## Estimating Entropies and Informations

*01 Jun 2018 10:51*

The central mathematical objects in information theory are the entropies of random variables. These ("Shannon") entropies are properties of the probability distributions of the variables, rather than of particular realizations. (This is unlike the Boltzmann entropy of statistical mechanics, which is an objective property of the macroscopic state, at least once we fix our partition of microscopic states into macroscopic states. Confusing the two entropies is common but bad.) The question which concerns me here is how to estimate the entropy of the distribution, given a sample of realizations. The most obvious approach, if one knows the form of the distribution but not the parameters, is to estimate the parameters and then plug in. But it feels like one should be able to do this more non-parametrically. The obvious non-parametric estimator is of course just the entropy of the empirical distribution, sometimes called the "empirical entropy". However, the empirical distribution isn't always the best estimate of the true distribution (one might perfer, e.g., some kind of kernel density estimate). For that matter, we often don't really care about the distribution, just its entropy, so some more direct estimator would be nice.
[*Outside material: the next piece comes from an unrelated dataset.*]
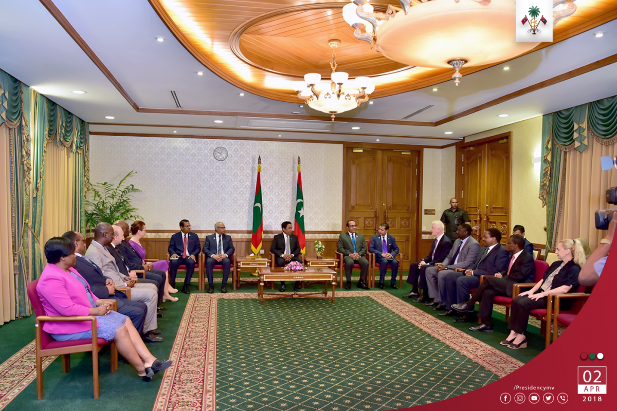 އދ. އަށް ކަނޑައަޅުއްވާފައި ތިއްބަވާ ޕާމަނަންޓް ރެޕްރެޒެންޓޭޓިވުން ހިމެނިވަޑައިގަންނަވާ ވަފްދަކާއެކު ރައީސް ޔާމިން ބޭއްވެވި ބައްދަލުވުން: ފޮޓޯ- ރައީސް އޮފީސް

What would be really nice would be to not just have point estimates but also confidence intervals. Non-parametrically, my guess is that the only feasible way to do this is bootstrapping.

For finite alphabets, one approach would be to use something like variable length Markov chains, or causal state reconstruction, to reconstruct a get machine capable of generating the sequence. From the machine, it is easy to calculate the entropy of words or blocks of any finite length, and even the entropy rate. My experience with using CSSR is that the entropy rate estimates can get very good even when the over-all reconstruction of the structure is very poor, but I don't have any real theory on that. I suspect CSSR converges on the true entropy rate faster than do variable length Markov chains, because the former has greater expressive power, but again I don't know that for sure.

Using gzip is a bad idea (for this purpose; it works fine for data compression).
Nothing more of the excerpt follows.